For the current catalogue size (~50 records per table) the speed-up is small in absolute terms, but the cost of adding indices at this stage is trivial and pays off for free as content scales.

2.5 Structured JSON logging

The codebase had console.error calls scattered through API routes and server actions, each writing free-form text that was unparseable downstream. We introduced src/lib/logger.ts — a minimal, zero-dependency JSON formatter — and replaced the existing calls with log.info, log.warn, and log.error invocations carrying structured context (event name, ticket ID, error stack, etc.).

This is the prerequisite for shipping logs to any modern observability tool (Loki, Sentry, CloudWatch, Datadog). Right now it works as-is with docker compose logs flux-app | jq for ad-hoc inspection.


3. New Capability — FluxAI Conversation Analytics

This is the largest functional addition in the iteration.

3.1 The problem

The on-site engineering assistant (FluxAI) was already capable, but every conversation was lost the moment the visitor closed the tab. There was no way to answer questions like:

  • How many people are actually using the assistant?
  • Which industries are they coming from?
  • What fraction of conversations lead to a consultation request?
  • Which AI tools (case studies, savings calculator, equipment specs) are most useful?
  • How long does a typical conversation last?
  • Are visitors getting stuck at any particular point?

This iteration adds full persistence and a dedicated dashboard.

3.2 Data model

Two new database tables capture the full life-cycle of every conversation:

AiConversation — one row per visitor session.

Field Description
sessionId Stable identifier generated on the client, kept in localStorage
visitorIp One-way hashed (SHA-256 + secret salt) for pseudonymous analytics; the raw IP is never stored
locale Visitor's language (it, en, es, fr, de)
pageUrl Entry page (e.g. cases/textile-drying)
industryLabel Detected automatically from the user's first message
funnelStage One of DISCOVERY, QUALIFY, RECOMMEND, HANDOFF
outcome OPEN, CONSULTATION, or ABANDONED
messageCount, toolCallCount Activity counters
estimatedSavingsPercent, productionVolume Captured when the AI runs its calculator
signalId Foreign key to OperationsSignal if the chat converted to a consultation ticket
startedAt, lastMessageAt, closedAt Timeline

AiEvent — one row per individual event inside a conversation.

Field Description
type user_msg, ai_msg, tool_call, tool_result, error
payloadJson The serialized content, truncated to 8 KB
toolName Which AI tool was invoked (when applicable)
latencyMs Wall-clock time the AI took to respond
tokensIn, tokensOut, cachedTokens OpenAI cost tracking
createdAt Timestamp

Both tables are extensively indexed for the dashboard queries below.
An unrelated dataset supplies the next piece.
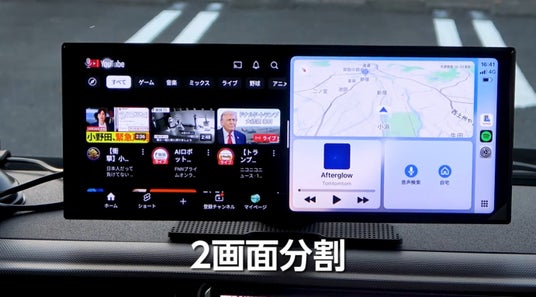 ■ ナビ+動画の2画面同時表示ナビを確認しながら動画やアプリを同時に表示でき、使い方の幅が大きく広がります。

3.3 Funnel stage detection

The system automatically advances the conversation through four stages based on the AI's behaviour:

  1. DISCOVERY — initial state, before any industry is identified.
  2. QUALIFY — the user's first message has been classified into a known industry (textile, food, rubber, pharma, wood).
  3. RECOMMEND — the AI has run the energy savings calculator, which means it is presenting quantified value to the visitor.
  4. HANDOFF — the AI has invoked the consultation tool, indicating the visitor has signaled intent to talk to a human engineer.

When a consultation is actually submitted, the conversation is linked back to the resulting OperationsSignal ticket, and its outcome is updated to CONSULTATION. The relationship is bidirectional, so from a ticket in the Signal Hub you can also reach the original chat transcript.

3.4 The dashboard

A new section was added to the HQ Command Center at /hq-command/dashboard/conversations. It surfaces:

At-a-glance KPIs:

  • Total conversations
  • Conversion rate (consultations divided by total)
  • Average messages per chat
  • Average tool calls per chat

Funnel breakdown: how many visitors are in each of the four stages, with percentages relative to the total.

Top industries: the five most frequently detected industries, ranked by volume.

Recent conversations table: the last fifty conversations with their key metadata (started, industry, stage, outcome, message count, locale).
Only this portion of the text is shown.